Acantilado. Barcelona, 2006. 60 pp. 7 €
Esther García Llovet
El teniente Gustl se publicó en el invierno de 1900 y bastó menos de un mes para que a su autor, Arthur Schnitzler, médico, judío, vienés, le retirasen su título de reservista en el ejército austriaco. La interpretación de los sueños, escrita por otro médico judío vienés se publicó el mismo año de 1900. Ambos libros acabarían ardiendo en las altas piras nacionalsocialistas del 33, junto con las obras de Roth y de Zweig y de tantos otros que pusieron fin a sus días en el exilio americano o europeo o en los campos de exterminio perdidos en el corazón del bosque de abetos.

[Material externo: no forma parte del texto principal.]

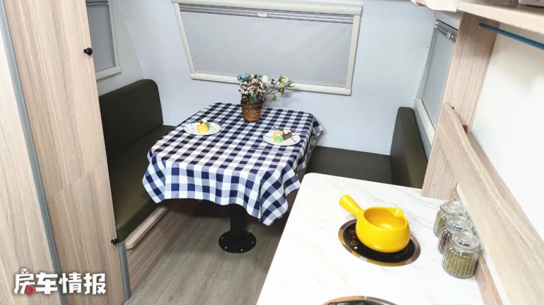 那么接下来咱们进入这款房车内部来一探究竟吧,车内很明显的分出了会客区、厨卫、以及卧室区。在车头一侧是对卡座区域,当驻车以后可以坐在这个位置喝茶、聊天。车辆在行驶过程中,拖挂房车内部是不能坐人的。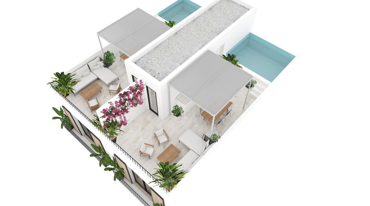 The project consists of a residential building that houses three single-family homes. All units will have 2 bedrooms, 2 bathrooms, and will give the feeling of being an urban oasis thanks to their private terraces pools. Unit A will encompass the entire first level, while units B and C will be triplexes with rooftop pools.
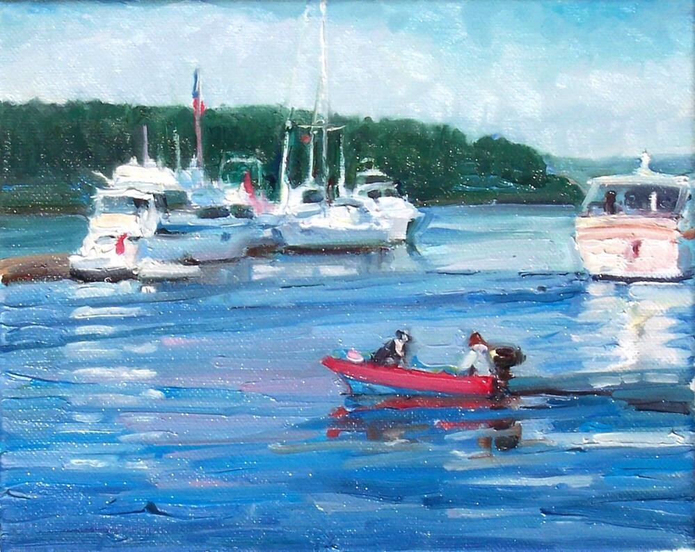 This is a painting of a harbor on one of our Washington State islands. The dog was on way to market.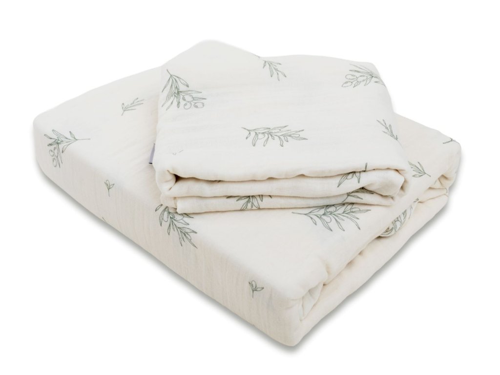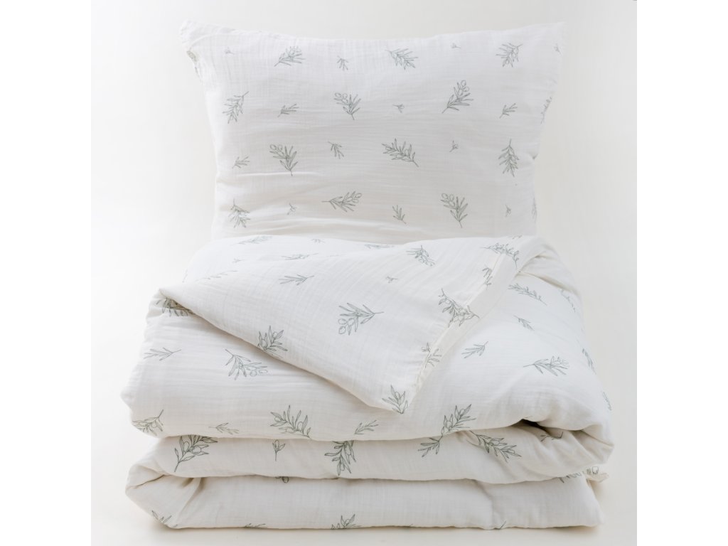 Povlečení je vyrobeno ze 100% bavlněného mušelínu, což je přírodní tkanina známá svou jemností a šetrností k pokožce.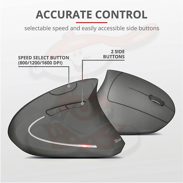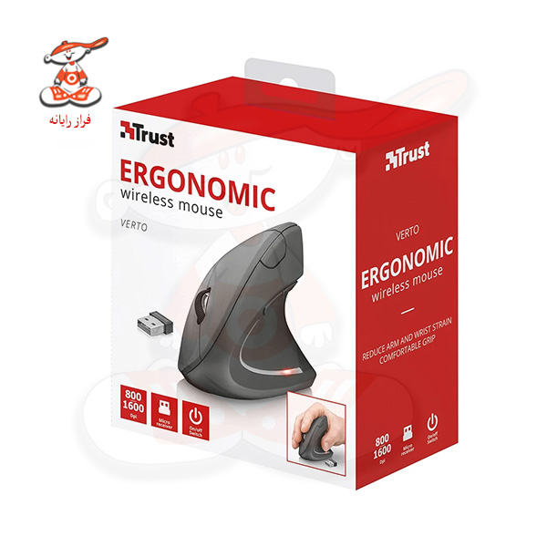 ماوس بی سیم TRUST مدل Verto به لطف طراحی ارگونومیک و استراحت انگشت شست راحت، میتوانید ساعتها در دفتر یا خانه بدون زحمت کار یا مطالعه کنید. و طرح عمودی ساعد و مچ شما را به حالت طبیعی می رساند و به عضلات دست، مچ و بازو استراحت می دهد. روکش لاستیکی این ماوس تضمین می کند که هنگام کار برای مدت طولانی تری در دست نگه دارید. به کمک TRUST راحتی یک ماوس بی سیم را تجربه کنید و میز خود را مرتب نگه دارید. گیرنده این ماوس تضمین می کند که ماوس به صورت بی سیم در محدوده 10 متری کار می کند. همچنین، این ماوس دارای کلید روشن و خاموش است، بنابراین می توانید با خاموش کردن ماوس در زمان عدم استفاده، در مصرف انرژی صرفه جویی کنید. و همچنین به سادگی گیرنده micro USB را به یک پورت USB وصل کنید و می توانید از یک سنسور نوری 800/1200/1600 dpi استفاده کنید که عملکرد دقیق را تضمین می کند. با دکمه ویژه به dpi دیگری بروید یا با دو دکمه انگشت شست به سرعت صفحات وب دیگر را مرور کنید.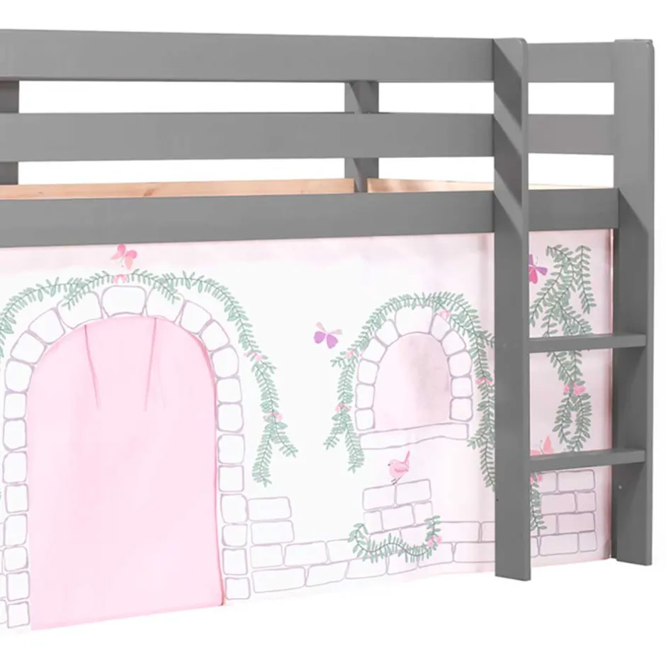 - Verspieltes Halbhochbett in Grau und Rosa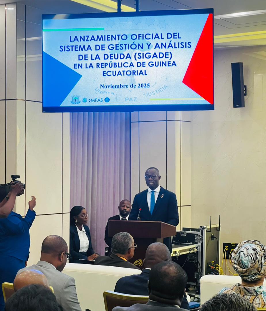 Este viernes 21 de noviembre del año en curso, la Caja Autónoma de Amortización de la Deuda Pública, (CAADP), dirigida por Rubén Edjang Bibang Oyana, celebró el lanzamiento oficial del Sistema de Gestión y Análisis de la Deuda (SIGADE) en la República de Guinea Ecuatorial. El acto fue presidido por la Ministra Delegada de la Tesorería y Patrimonio del Estado Milagrosa Obono Angüe Nchama, quien resaltó la importancia de la herramienta, como un avance estratégico para una gestión moderna y transparente del endeudamiento en el país.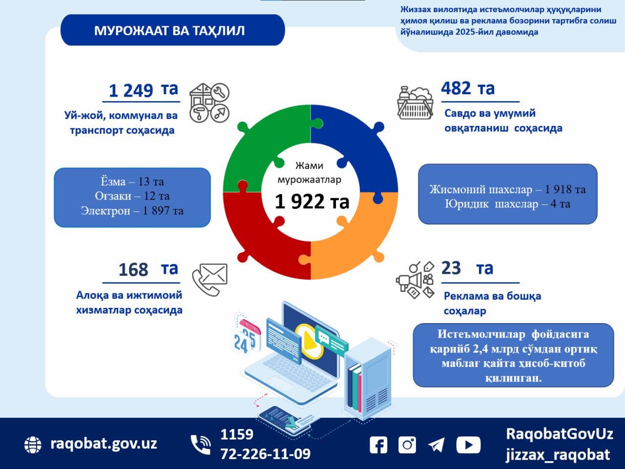 Raqobatni rivojlantirish va iste’molchilar huquqlarini himoya qilish qo‘mitasi Jizzax viloyati hududiy boshqarmasiga o‘tgan 2025-yil davomida iste’molchilardan jami 1 922 ta murojaatlar kelib tushgan.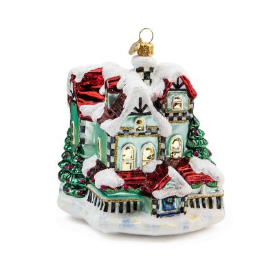 Add to the memories year after year with our collection of beautiful glass ornaments, including this snow-covered cottage, decorated with touches of Courtly Check®. This ornament is mouth-blown and hand-painted in Eastern Europe by some of the world’s most talented glass artisans and is presented in a keepsake gift/storage box.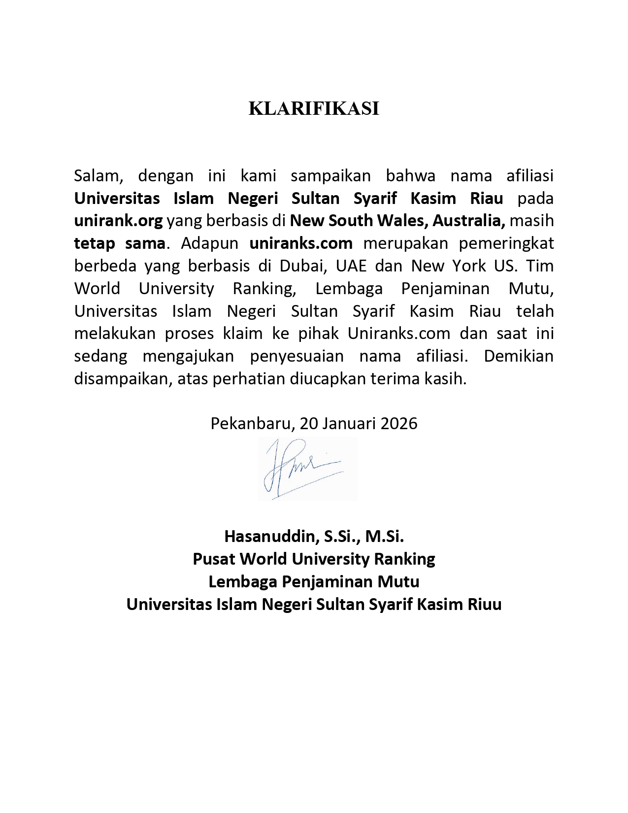 Klarifikasi Informasi Pemeringkatan UIN Suska Riau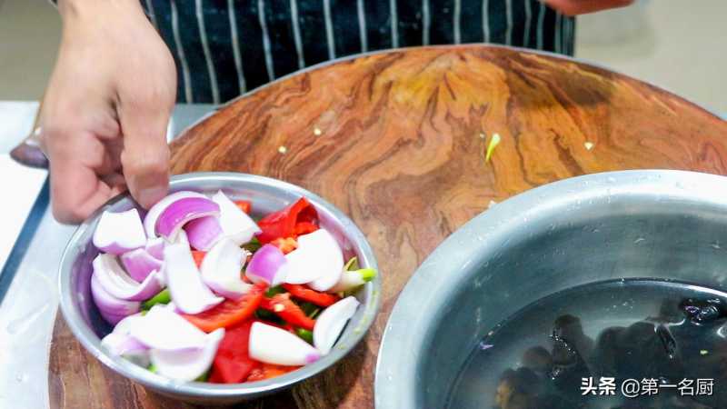 青椒两个去瓤切成菱形片,红椒半个切成三角片,洋葱半个切成小片,泡发好的黑木耳一小把,用手撕成小片,沥干水分放入另一个盆中。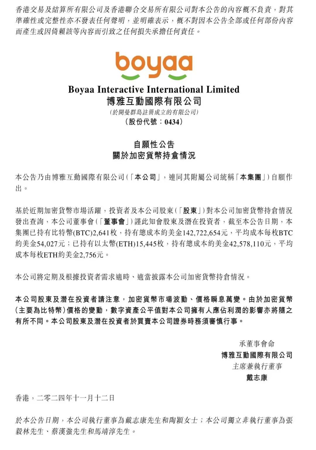 博雅互动(HK00434)11月12日晚间发布公告称,截至公告日期,公司已持有比特币2641枚,总成本约1.43亿美元,平均成本约5.4万美元/枚;已持有以太坊1.54万枚,总成本约4257.81万美元,平均成本约2756美元/枚。

Pero la amistad entre Freud y Schniztler, aunque no muy estrecha, se fraguó años antes, al calor algo pesado del Café Griesenteidl, donde servían Kapuziner y cruasanes a media tarde y a donde acudían a acompañarles en tertulia Hugo Hofmannsthal o Grillparzer, con quienes Schniztler fundaría el algún momento del final de siglo el movimiento “Joven Viena”. De la relación de Schnitzler con Freud se dice que el primero fue el alter ego literario del psicoanalista, el ejecutor amanuense de la fantasmagoría teórica de Freud, algo evidente en Relato Soñado (1925) o en El Regreso de Casanova (1900) o en La Ronda (1877), donde Schnitzler retrata una sociedad bastante más libertina de lo que el bruñido Biedermeier y la fragilidad del cristal Lobmeyr hacían pensar.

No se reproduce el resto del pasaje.